The other mutation operations are-
fed_data <- fed_data %>%
mutate(`Target Rates Spread` = `Federal Funds Upper Target` - `Federal Funds Lower Target`)
fed_data
## # A tibble: 904 × 9
## Date `Federal Funds Target Rate` `Federal Funds Upper Target`
## <date> <dbl> <dbl>
## 1 1954-07-01 5.66 0.308
## 2 1954-08-01 5.66 0.308
## 3 1954-09-01 5.66 0.308
## 4 1954-10-01 5.66 0.308
## 5 1954-11-01 5.66 0.308
## 6 1954-12-01 5.66 0.308
## 7 1955-01-01 5.66 0.308
## 8 1955-02-01 5.66 0.308
## 9 1955-03-01 5.66 0.308
## 10 1955-04-01 5.66 0.308
## # ℹ 894 more rows
## # ℹ 6 more variables: `Federal Funds Lower Target` <dbl>,
## # `Effective Federal Funds Rate` <dbl>, `Real GDP (Percent Change)` <dbl>,
## # `Unemployment Rate` <dbl>, `Inflation Rate` <dbl>,
## # `Target Rates Spread` <dbl>
It gives the spread of higher and lower targets of the federal rate.
fed_data <- fed_data %>%
mutate(`Difference of Rates` = `Federal Funds Target Rate` - `Effective Federal Funds Rate`)
fed_data
## # A tibble: 904 × 10
## Date `Federal Funds Target Rate` `Federal Funds Upper Target`
## <date> <dbl> <dbl>
## 1 1954-07-01 5.66 0.308
## 2 1954-08-01 5.66 0.308
## 3 1954-09-01 5.66 0.308
## 4 1954-10-01 5.66 0.308
## 5 1954-11-01 5.66 0.308
## 6 1954-12-01 5.66 0.308
## 7 1955-01-01 5.66 0.308
## 8 1955-02-01 5.66 0.308
## 9 1955-03-01 5.66 0.308
## 10 1955-04-01 5.66 0.308
## # ℹ 894 more rows
## # ℹ 7 more variables: `Federal Funds Lower Target` <dbl>,
## # `Effective Federal Funds Rate` <dbl>, `Real GDP (Percent Change)` <dbl>,
## # `Unemployment Rate` <dbl>, `Inflation Rate` <dbl>,
## # `Target Rates Spread` <dbl>, `Difference of Rates` <dbl>
This gives the required difference of the two rates.

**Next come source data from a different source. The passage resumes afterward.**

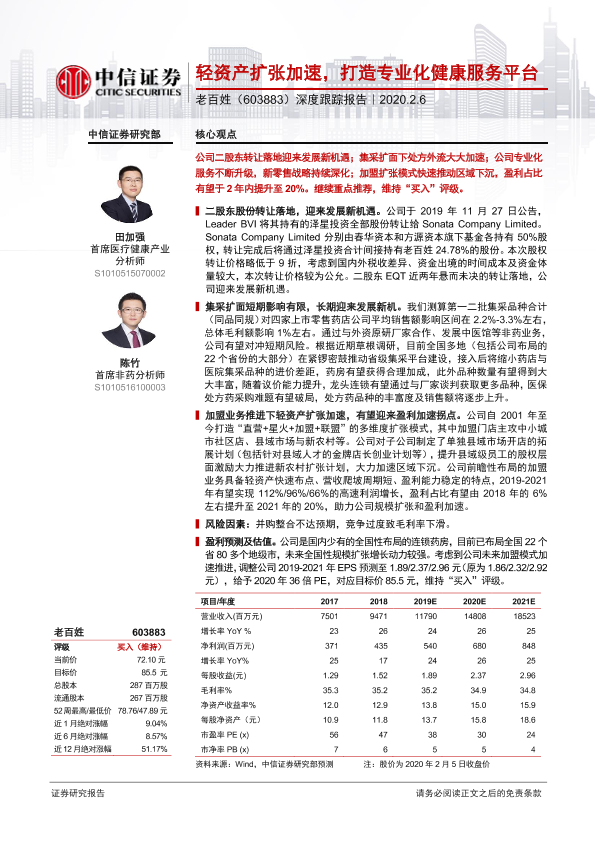 【中信证券】【20200206】20200206-中信证券-老百姓-603883.SH-深度跟踪报告:轻资产扩张加速,打造专业化健康服务平台-23页
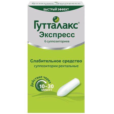 Показания Всасывание Абсорбция незначительная. Время развития слабительного эффекта препарата составляет 20 мин (от 10 мин до 30 мин, в некоторых случаях – 45 мин). Cmax активного метаболита в плазме после введения суппозитория достигается через 0.5-3 ч. Взаимосвязь между слабительным эффектом бисакодила и концентрацией активного метаболита в плазме отсутствует. Метаболизм Препарат практически полностью метаболизируется в стенке кишечника и печени до неактивного глюкуронида. Метаболизм бисакодила с образованием активного метаболита, бис-(п-гидроксифенил)-пиридил-2-метана, происходит под действием ферментов (эстераз) слизистой оболочки толстого кишечника. Выведение Т1/2 составляет около 16.5 ч. Выведение активного метаболита происходит в основном через кишечник (до 90% от общей экскреции), почками выводится до 3.1%. Небольшое количество неизмененного препарата выводится через кишечник. Фармакологическое действие Бисакодил — местное слабительное из группы производных дифенилметана с незначительным антирезорбтивным эффектом. После гидролиза в просвете толстого кишечника бисакодил стимулирует его перистальтику и способствует накоплению воды и электролитов в толстом кишечнике. Это приводит к стимуляции дефекации, уменьшению времени эвакуации и размягчению стула. Действие обусловлено прямой стимуляцией нервных окончаний в слизистой оболочке толстого кишечника. Бисакодил, являясь слабительным средством, действующим на уровне толстой кишки, стимулирует естественный процесс эвакуации в нижних отделах ЖКТ. Поэтому бисакодил не оказывает влияния на переваривание или всасывание калорийной пищи или незаменимых питательных веществ в тонком кишечнике. Лекарственное взаимодействие Одновременное применение препарата Гутталакс® Экспресс в высоких дозах и диуретиков или ГКС может увеличить риск нарушения электролитного баланса (гипокалиемии), что, в свою очередь, может приводить к повышенной чувствительности к действию сердечных гликозидов. Применение препарата Гутталакс® Экспресс одновременно с другими слабительными средствами может усиливать побочные эффекты со стороны ЖКТ.
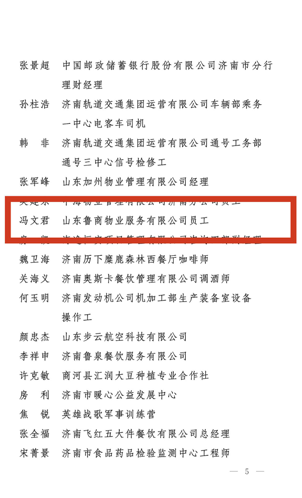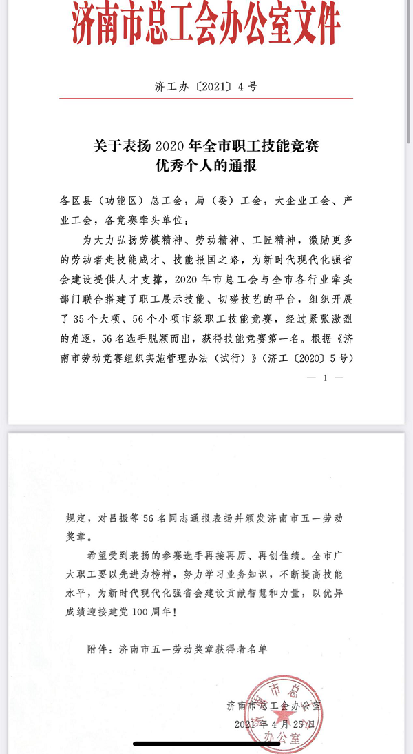近日,濟(jì)南市總工會發(fā)布《關(guān)于表揚(yáng)2020年全市職工技能競賽優(yōu)秀個人的通報(bào)》,魯商服務(wù)員工馮文君被授予2020年度“濟(jì)南市五一勞動獎?wù)隆狈Q號。
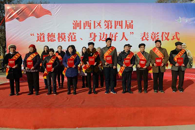 在全國掀起學習十九大精神熱潮之際,7日,澗西區第四屆“道德模范、身邊好人”表彰儀式在一拖體育館廣場隆重舉行。

We first performed the basic description operations followed by massive tidy up of the data by filling the missing values. This was followed by certain mutation operations that makes the data look more visually appealing and with more information than before.